Conversely, the community economy emerged as universally rigid across all four CSAs. The mechanism behind this resistance is rooted in urban political economy. The economic indicators—such as local unemployment rates, income inequality, and disaster risk financing—are deeply entrenched in macroeconomic structures and historical urban development trajectories. While localised, techno-centric disaster risk reduction (DRR) tools excel at enhancing situational awareness and operational efficiency, they do not inherently redistribute wealth, alter labour markets, or resolve systemic urban inequalities. This finding echoes the critical urban geography literature, which cautions that while “smart city” technologies and EWS can optimise disaster responses, they cannot act as substitutes for the foundational economic development policies required to address the root causes of socio-economic vulnerability.

4.2. Comparative Analysis with National and International Resilience Research

Our findings regarding the anticipated efficacy of the C2IMPRESS tools align with and expand upon the recent global trends in disaster risk reduction (DRR). Globally, the transition from single-hazard models to systemic, multi-hazard risk frameworks is heavily emphasised by the UNDRR and the Sendai Framework [14]. The recent international analyses, such as the 2024 Global Status of Multi-Hazard Early Warning Systems [43], highlight that while the technological coverage of the EWS is expanding, “last-mile” dissemination—ensuring warnings translate into timely, protective community action—remains a critical global bottleneck. The C2IMPRESS risk and resilience assessment framework (RRAF) directly addresses this gap by pairing the technological EWS implementations with the public–private-civil partnership (PPCP) approach. By embedding local knowledge into the risk assessment pipeline, our findings demonstrate that emergency preparedness and individual vulnerability are highly malleable and responsive to these integrated interventions.
Within the European context, the anticipated results from the four case study areas (CSAs) resonate with the parallel Horizon Europe initiatives (such as the CORE [44], ENGAGE [45], and MEDiate [46] projects) that stress an “all-of-society” approach to climate adaptation. European research consistently shows that top-down risk management is insufficient without civic engagement. Our comparative analysis validates this, showing that institutional capacities and community trust are significantly improved when residents are actively involved via decision support platforms and interactive tools.
At the national level, the context-specific impacts anticipated in each CSA mirror the distinct vulnerabilities and recent disaster experiences of their respective countries:
Greece and Spain: In the Mediterranean region, recent catastrophic events—such as the devastating 2024 DANA floods in Valencia, Spain [47], alongside the severe wildfires and floods caused by Medicane Daniel in Greece [48]—have exposed critical gaps in civic preparedness and the dangers of high-density urbanisation in risk-prone areas. For the Balearic Islands and Egaleo, the introduction of flood-specific EWS and agent-based models for hazard simulation directly responds to these national priorities. The anticipated improvements in alternative communication networks and the trust in the local authorities reflect the broader Spanish and Greek research advocating for proactive, localised risk communication over purely reactive state measures.
Turkey: In Ordu, the integration of predictive EWS for fluvial flooding and landslides aligns closely with the national trajectory following the 2023 earthquakes.

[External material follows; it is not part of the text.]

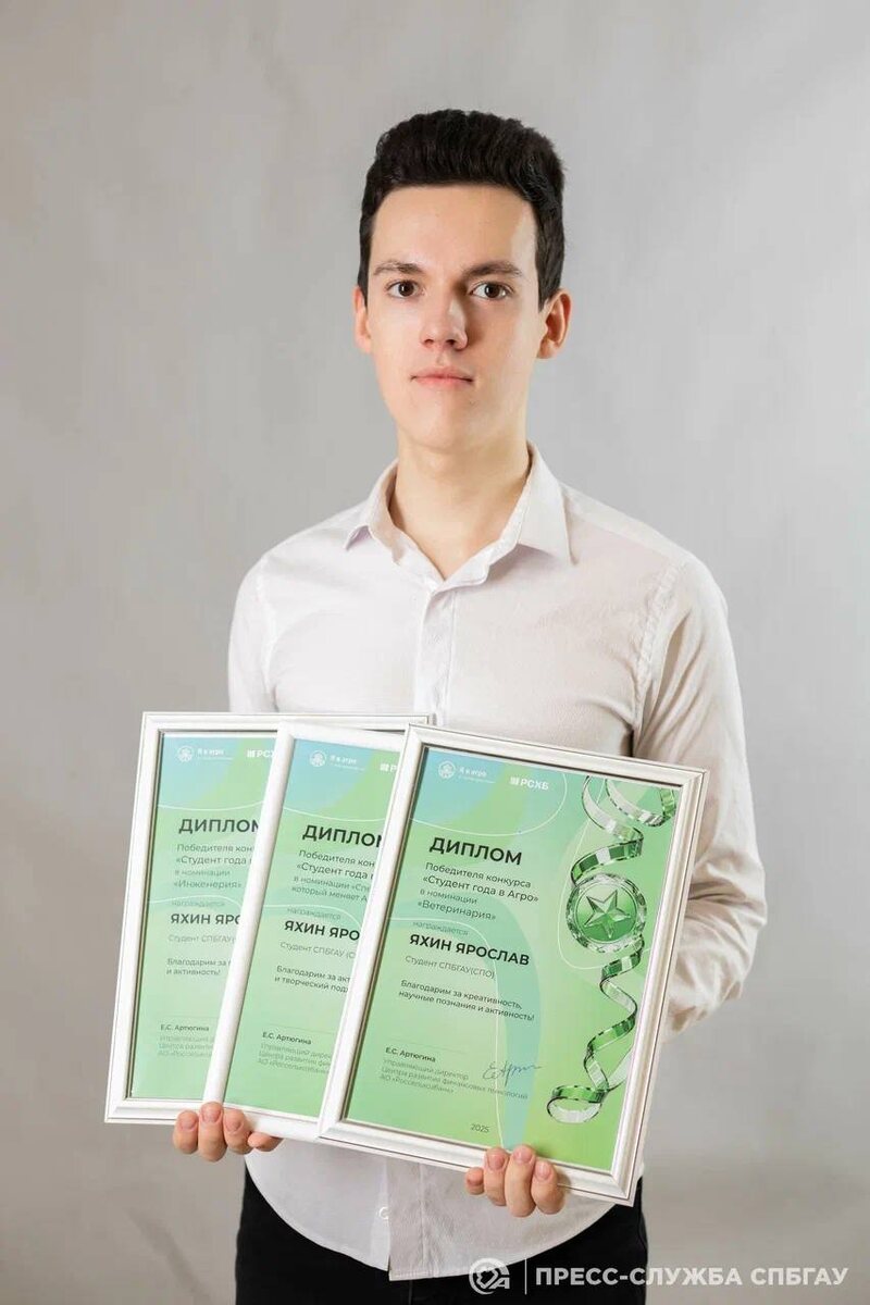 ! 🏆 Гордимся студентом Царскосельского аграрно-технологического колледжа СПбГАУ! Ярослав Яхин вошел в ТОП-3 лучших участников конкурса «Студент года в Агро». Декабрь стал для Ярослава по-настоящему победным: за блестящее решение кейсов он получил крутой и полезный гаджет — умную колонку! Напомним, что Ярослав держит планку лидера еще с сентября, ежемесячно становясь призером конкурса. 🚀 Твой черед побеждать! До дедлайна по первому заданию конкурса «Я в Агро» осталось всего 2 дня. Не упускай возможность заявить о себе: 1. Заходи в личный кабинет. 2. Выполняй задание. 3. Отправляй проект!

The current Turkish disaster management research increasingly advocates for decentralised, polycentric risk governance to supplement the rigid national frameworks like the Disaster Response Plan (TAMP). The robust improvements in hazard assessment and resilience planning that were anticipated in Ordu highlight the immense value of localising the predictive data to overcome regional risk perception–action gaps.
Portugal: In the Centro Region, the focus on coastal flooding and the HIDRALERTA system corresponds seamlessly with Portugal’s national strategic focus on safeguarding critical maritime and riverine infrastructure. The studies in Portugal frequently utilise frameworks like the RAF to support city-level action planning [39]; however, the C2IMPRESS approach advances this national paradigm by dynamically linking early warning technologies with active social vulnerability mapping, proving that community resilience is best achieved when infrastructural innovation is paired with social inclusivity.

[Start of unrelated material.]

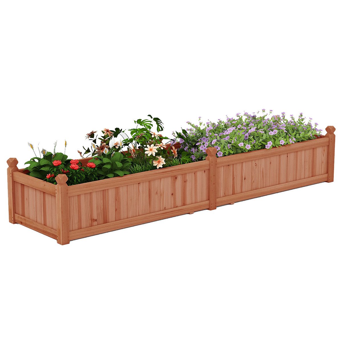 Gefertigt aus natürlicher Tannenholzkonstruktion ist der rechteckige Pflanzenkasten rissbeständig und gewährleistet eine langanhaltende Haltbarkeit. Der Gartenpflanzer ist mit einem Schutzlack überzogen, um die Wartung zu erleichtern. Mit einem großzügigen Fassungsvermögen von 0,35 m³ bietet der Gartenpflanzer reichlich Platz für Ihre gedeihenden Pflanzen und Blüten. Das Hochbeet umfasst 2 Trennwände, die es ermöglichen, verschiedene Pflanzen zu ziehen, ohne deren harmonisches Wachstum zu stören. Die Entwässerung wird durch Entwässerungslöcher und Lücken vereinfacht, wodurch überschüssiges Wasser entfernt und essentielle Bodennährstoffe bewahrt werden.

4.3. Research Limitations/Future Guidelines

A key limitation of this study is its reliance on the CSAs’ expectations regarding the C2IMPRESS tools’ potential impacts on their resilience capacities. While several project solutions, such as the PPCP and the RRAF, are already under implementation, their operationalisation remains in progress. Therefore, to gain a comprehensive understanding of which resilience indicators have been effectively modified and the extent of these changes, a secondary resilience assessment will be necessary. This assessment should be conducted once all the tools have been fully implemented, allowing for a comparison between the baseline measurements and the current resilience capacities to evaluate the actual changes.
Another consideration is the relatively short-term nature of the C2IMPRESS project, which spans three years. As highlighted by UNDP [11], community-based risk management often involves non-recurring initiatives and isolated pilot projects, which are insufficient to achieve a sustained resilience enhancement. UNDP [11] further emphasises that resilience-building should adopt a holistic approach, with policymakers ensuring continuity through knowledge sharing and the systematic incorporation of the lessons learned from past experiences. Accordingly, the C2IMPRESS consortium should prioritise strategies to ensure the sustainability and reproducibility of the project’s tools beyond its limited timeframe. Only through such measures can the project achieve a meaningful, long-term impact with verifiable outcomes.
An additional methodological limitation stems from the reliance on heterogeneous data sources across the four national contexts. While international databases, such as Eurostat and Our World in Data, were utilised to establish a baseline of comparability, capturing highly localised resilience indicators required drawing from disparate national statistical platforms and municipal records. Consequently, inherent variations exist in the original data collection methodologies, temporal alignment (e.g., differing national census years), and the specific definitions of municipal metrics across Greece, Spain, Turkey, and Portugal. To mitigate these discrepancies, the RRAF complemented this statistical data with standardised, structured questionnaires that were administered uniformly to all the CSA representatives. Nevertheless, achieving absolute methodological uniformity across diverse national datasets remains an inherent challenge in multi-national comparative resilience studies.

5. Conclusions

This study sought to bridge the existing gaps in quantifying disaster risk and resilience by evaluating the anticipated impacts of the C2IMPRESS framework and its associated tools. Rather than relying on generalised assumptions regarding disaster risk reduction, our study focused on measuring the expected changes across 42 specific resilience indicators following the implementation of localised interventions in four distinct European case study areas (CSAs): Egaleo, Mallorca, Ordu, and the Centro Region.
Based on the comparative analysis of these implementations—including early warning systems, agent-based models, and the Public–Private-Civil Partnership (PPCP) approach—several specific conclusions can be drawn:
First, the findings demonstrate that individual vulnerability and community emergency preparedness are the dimensions most highly responsive to these targeted interventions. Across all four CSAs, equipping the local authorities with tools like the risk and resilience assessment framework (RRAF) and decision support platforms is anticipated to significantly improve institutional capacities, operational efficiency, and, crucially, public trust in local governance.
Second, while socio-institutional and infrastructural resilience can be actively enhanced through the short-term deployment of these technological and participatory tools, the community economy emerged as highly rigid. Indicators such as local unemployment and income inequality exhibited minimal anticipated change across all the study sites.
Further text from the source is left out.